Database Restore
Incident Report for CxAlloy
Resolved
This incident has been resolved.
Posted Mar 24, 2022 - 08:44 EDT
Monitoring
We have reopened the site after verifying that the data is fully restored and application functionality is working as expected. There may be some slower performance for the next few hours as the database is "warmed up".

I wish to again express our sincere apologies for the disruption this downtime has caused. We will be posting a postmortem in the next few days giving greater detail on what happened and the steps we are taking to mitigate the causes.
Posted Mar 23, 2022 - 18:29 EDT
Update
The restore has finished and initial assessment indicates a complete restore. We are now verifying the data and application stability before reopening the site and anticipate service being restored shortly.
Posted Mar 23, 2022 - 17:52 EDT
Update
The data restoration is progressing and is over 2/3rd complete.

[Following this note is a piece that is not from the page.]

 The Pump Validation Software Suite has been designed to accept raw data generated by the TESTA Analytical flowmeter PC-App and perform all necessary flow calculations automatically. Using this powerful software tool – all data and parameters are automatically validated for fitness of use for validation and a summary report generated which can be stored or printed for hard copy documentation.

We know how disruptive it is to have CxAlloy unavailable and are deeply sorry that we've had any outage at all and such a long outage in particular.

We will providing a postmortem once the incident is fully resolved, but can address some common questions:

- The outage is a result of a corrupted database table that happened unexpectedly during a code release last night. That application update, like many of our updates, required modifications to the database structure. For reasons that we do not yet know, the update to the database structure failed, triggered an automatic restart of the database, and after the restart resulted in one of our largest tables being corrupted.

- Once we established that recovering the corrupted table was not possible we pulled the data from our replica backup and initiated a restore. This required us to delete the corrupted table and re-import all the records from our backup. Because this table is so large - over 100 million rows - we were not able to avoid significant downtime while we brought the records in.
Posted Mar 23, 2022 - 13:34 EDT
Update
The data restoration has passed the halfway point.
Posted Mar 23, 2022 - 12:23 EDT
Update
At the current pace we are estimating the restoration will take approximately 10 hours to complete. We realize this is a long time and are doing everything we can to expedite the process.

In this case the affected table is our checklist lines table, one of the largest tables within the application. We have explored whether we could bring the site back to partial functionality, however because checklist lines are referenced in many other areas (as issue sources, connected to files, and so forth) it is not feasible to do so.

Importantly, all data is present in our backups and we don't anticipate any data loss from this incident.
Posted Mar 23, 2022 - 09:11 EDT
Update
The table is being restored. As it is a very large table it will take some time. We will provide an estimated time to completion in an upcoming update.
Posted Mar 23, 2022 - 08:23 EDT
Update
The corrupted table is currently being restored. We will continue to provide updates as the restore proceeds.
Posted Mar 23, 2022 - 07:27 EDT
Update
After the database restarted one of the database tables is reporting it is corrupted and needs to be restored. We are working to restore it.
Posted Mar 23, 2022 - 06:26 EDT
Update
We are continuing to work on a fix for this issue.
Posted Mar 23, 2022 - 05:38 EDT
Identified
During a routine update the database initiated a restart. Due to the size of the database this can take upwards of an hour and the site will be unavailable during that time. We apologize for the inconvenience and will provide further updates as needed.
Posted Mar 23, 2022 - 05:34 EDT
This incident affected: CxAlloy TQ (Application, Servers).